Comme chaque année, Reporters sans Frontières publie son bilan annuel des exactions commises contre les journalistes. En 2020, 50 journalistes ont été tués dans l’exercice de leurs fonctions, 387 journalistes sont prisonniers, 54 sont retenus en otage et 4 sont portés disparus. Fait notable, il y a eu pour la première fois davantage d’homicides dans les pays en paix que dans les zones de conflits. Si la France n’a heureusement aucun mort à déplorer, la recrudescence des interpellations de journalistes dans le cadre de leur profession fait du combat pour préserver la liberté de la presse l’un des grands enjeux de 2021.

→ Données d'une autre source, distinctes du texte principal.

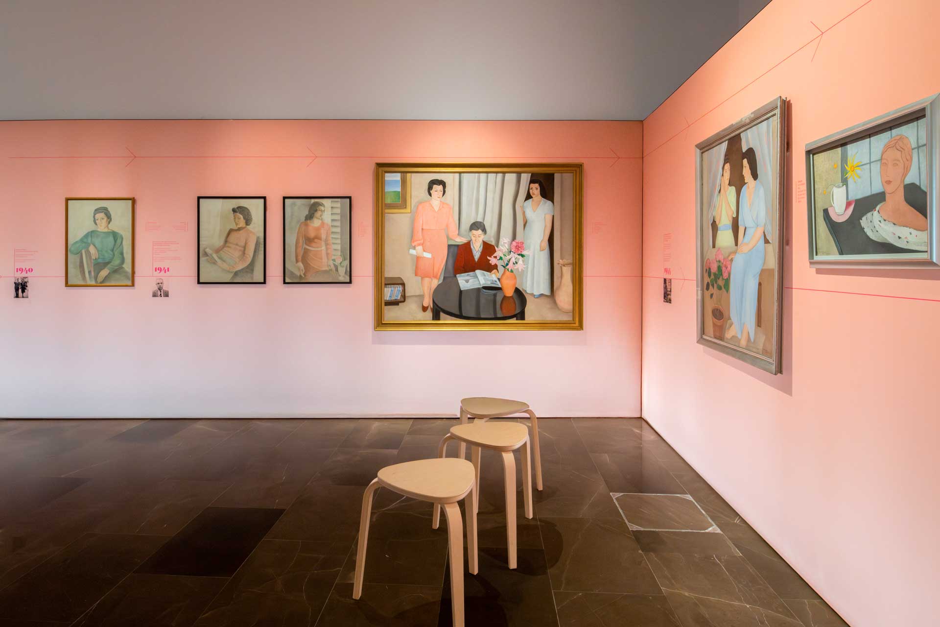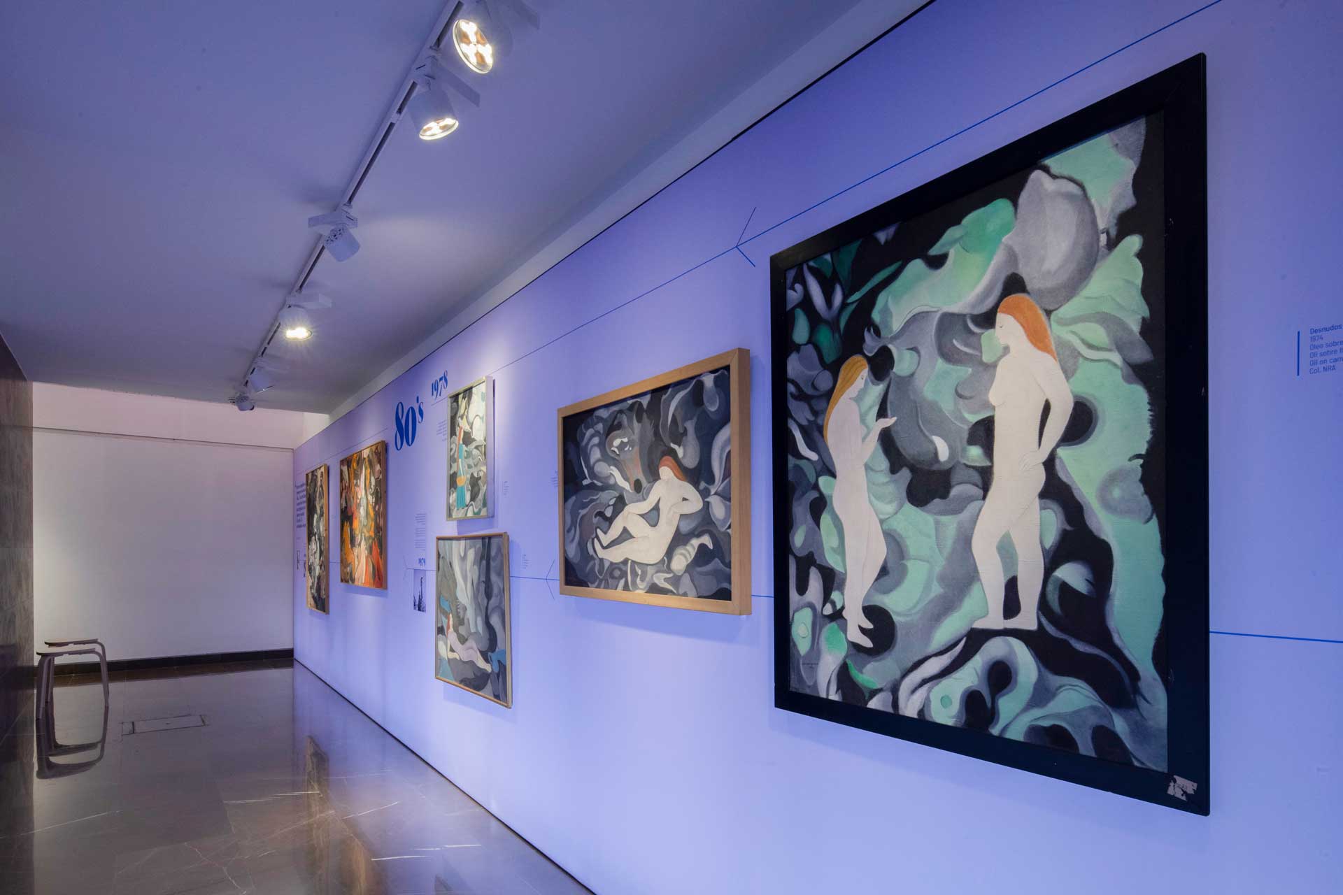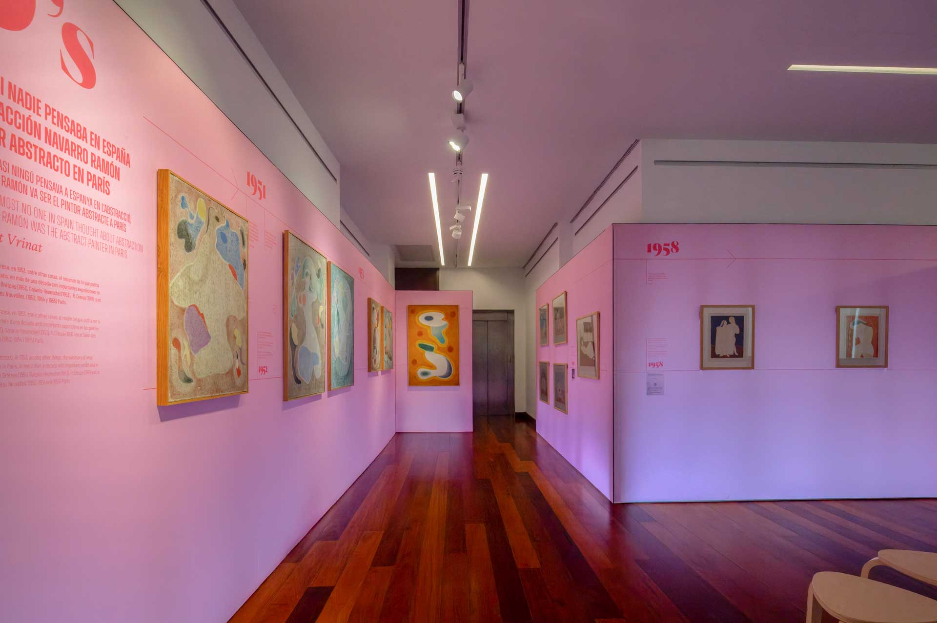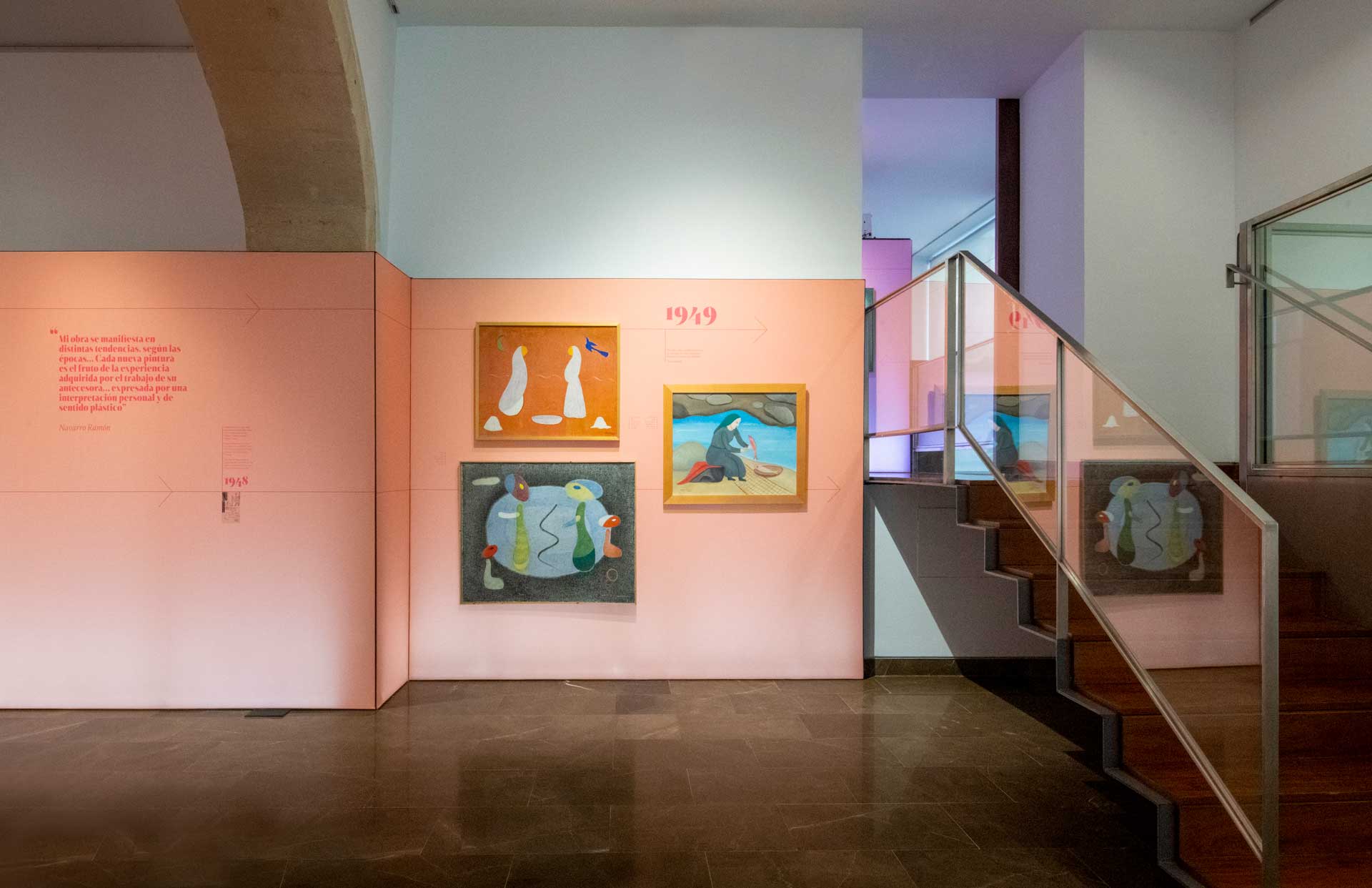 El planteamiento curatorial parte del deseo de articular un discurso doble: por una parte, la figura de la mujer como temática central en la obra de Navarro Ramón —especialmente durante las décadas de los años treinta y cuarenta—; por otra, su paso hacia la abstracción en París durante los cincuenta, ya sin abandonar la centralidad del color y del elemento femenino como punto de partida.

Une recrudescence des assassinats dans les pays en paix
Si le nombre de journalistes tués dans l’exercice de leurs fonctions diminue depuis une dizaine d’années, cette année 2020 a vu une tendance inquiétante se confirmer : plus des deux tiers des journalistes ont été tués dans des pays en paix.
« C’est tout à fait nouveau. » constate Pauline Adés-Mèvel, porte-parole et rédactrice en cheffe de RSF, pour FranceInter. « On avait vu cette tendance se dessiner l’an dernier, mais là c’est évident. 68% ! »
34 homicides de journalistes, représentant 68 % du nombre total, ont eu lieu dans des pays considérés comme étant « en paix ». En 2020, près de 7 journalistes tués sur 10 (68 %) l’ont été dans des zones de paix, alors qu’en 2016, seulement 4 journalistes sur 10 étaient tués hors des terrains en conflit.
Cette nouvelle tendance se révèle notamment par le nombre de journalistes sciemment visés et délibérément assassinés en raison de leur métier. En 2020, 84 % des journalistes tués ont été assassinés, contre 63 % en 2019. Le Mexique reste le pays le plus meurtrier au monde pour la profession avec huit morts, viennent ensuite l’Inde (4), le Pakistan (4), les Philippines (3) et le Honduras (3).
« Les assassinats visent notamment les journalistes qui travaillent sur des sujets sensibles. Cette année, 4 journalistes ont été tués alors qu’ils enquêtaient sur les agissements de la mafia. Par ailleurs, 10 journalistes ont été victimes d’homicide pour leurs investigations sur des cas de corruption locale ou de détournement d’argent public, 3 ont été tués alors qu’ils travaillaient sur des sujets liés à des questions environnementales (cas d’extraction minière illégale et d’accaparement des terres). » explique l’ONG dans son rapport
Certains meurtres ont été particulièrement barbares, parfois en guise d’avertissement aux autres membres de la profession. Le journaliste Julio Valdivia Rodriguez, du quotidien El Mundo de Veracruz, a ainsi été retrouvé décapité dans l’est du Mexique tandis que son confrère Víctor Fernando Alvarez Chavez, rédacteur en chef d’un site d’information locale, a été littéralement découpé en morceaux dans la ville d’Acapulco.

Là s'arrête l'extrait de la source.